My screeshots were taken with darknet cloned a few hours ago.

aprentis on 10 Apr 2019

@aprentis I can't reproduce this issue.

Do you use DEBUG=0 in the Makefile?

Try to use latest commits.

And try to train by using another dataset, for example, default datasets: Pascal VOC, MS COCO, ...

Or can you share the minimal part of your dataset, obj.data & cfg-file that can reproduce this issue?

AlexeyAB on 11 Apr 2019

@AlexeyAB
i use DEBUG = 0.
GPU=1
CUDNN=1
CUDNN_HALF=0
OPENCV=1

Today i`ve pulled latest version and tried to train Pascal VOC dataset.
here is my network configuration
Screenshot from 2019-04-12 16-29-18

command
Screenshot from 2019-04-12 16-29-30

and result
Screenshot from 2019-04-12 16-29-50

as you see it takes 20Gb of memory, which is almost similar.

aprentis on 12 Apr 2019

👍1

@aprentis Thanks!

Can you show screenshot when Darknet is crashed during Training on Pascal VOC dataset?

Did you compile OpenCV in Release mode?

Do you have only one CUDA version on this PC?

Can you show output of commands?

nvcc --version
nvidia-smi
gcc --versions

AlexeyAB on 12 Apr 2019

@AlexeyAB
I`ll wait several hours to see if Darknet crashes or not.
OpenCVwas built is Release mode.
Screenshot from 2019-04-12 17-00-44

aprentis on 12 Apr 2019

👍1

@AlexeyAB I ran latest version of darknet on my 2x1080 configuration with Pascal VOC dataset.
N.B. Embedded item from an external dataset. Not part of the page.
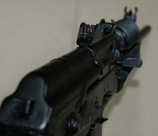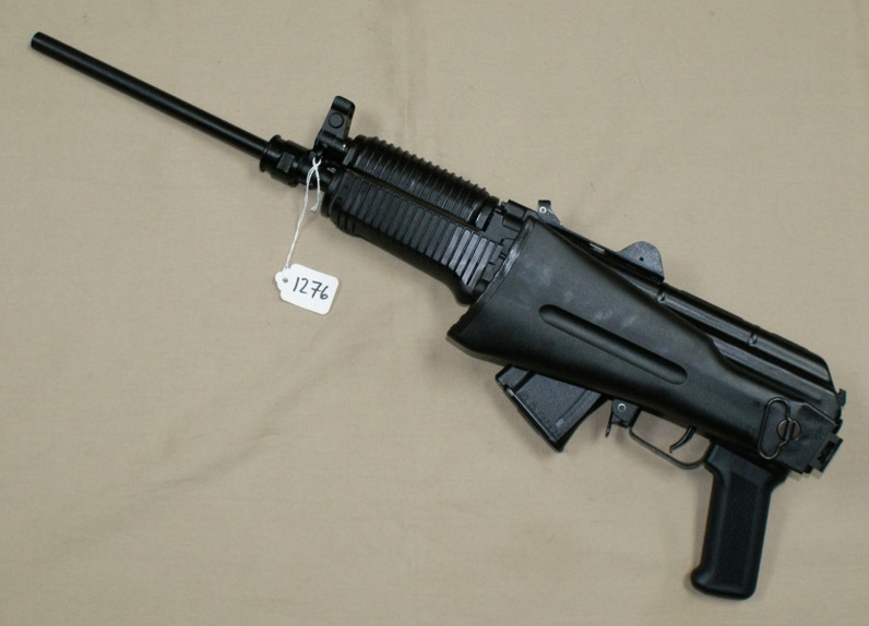 This rifle, chambered in 7.62 x 39 mm, utilizes the famous short gas system (Krinkov or AKS-74U) and features a full-length 16" barrel.

It took ~40 Gb of memory.
Screenshot from 2019-04-12 20-06-09

It crushed after ~500 iterations with CUDA Assertion 0' failed. Now i restarted the process and its running correctly, using 40 Gb permamently.

aprentis on 12 Apr 2019

👍1

@aprentis

Do you mean, that sometimes Darknet is crashed, but sometimes isn't?
Does it happen if you train with only 1 GPU (without -gpus 0,1 flag)?

AlexeyAB on 12 Apr 2019

@AlexeyAB
Yes, the latest version crashes every 400-500 iterations with -gpus 0,1 flag.
Now i've launched it to train on Pascal VOC without this flag.
It took almost 30 Gb virtual memory using one 1080 card.
Screenshot from 2019-04-12 20-55-32

aprentis on 12 Apr 2019

@AlexeyAB Some news about this leak.

I`ve used another PC with ubuntu 16.04. and made clean install of nvidia-418 driver, Cuda 10.1 and OpenCV 3.4.5..

Here i have a full yolov3, and tiny version both training. I`ve used a small dataset(1 class, <300 files)
screen
As you see, it still takes quite a lot of memory.

aprentis on 14 Apr 2019

👍2

I have same problem，I disable opencv on makefile and rebuild it will fix it。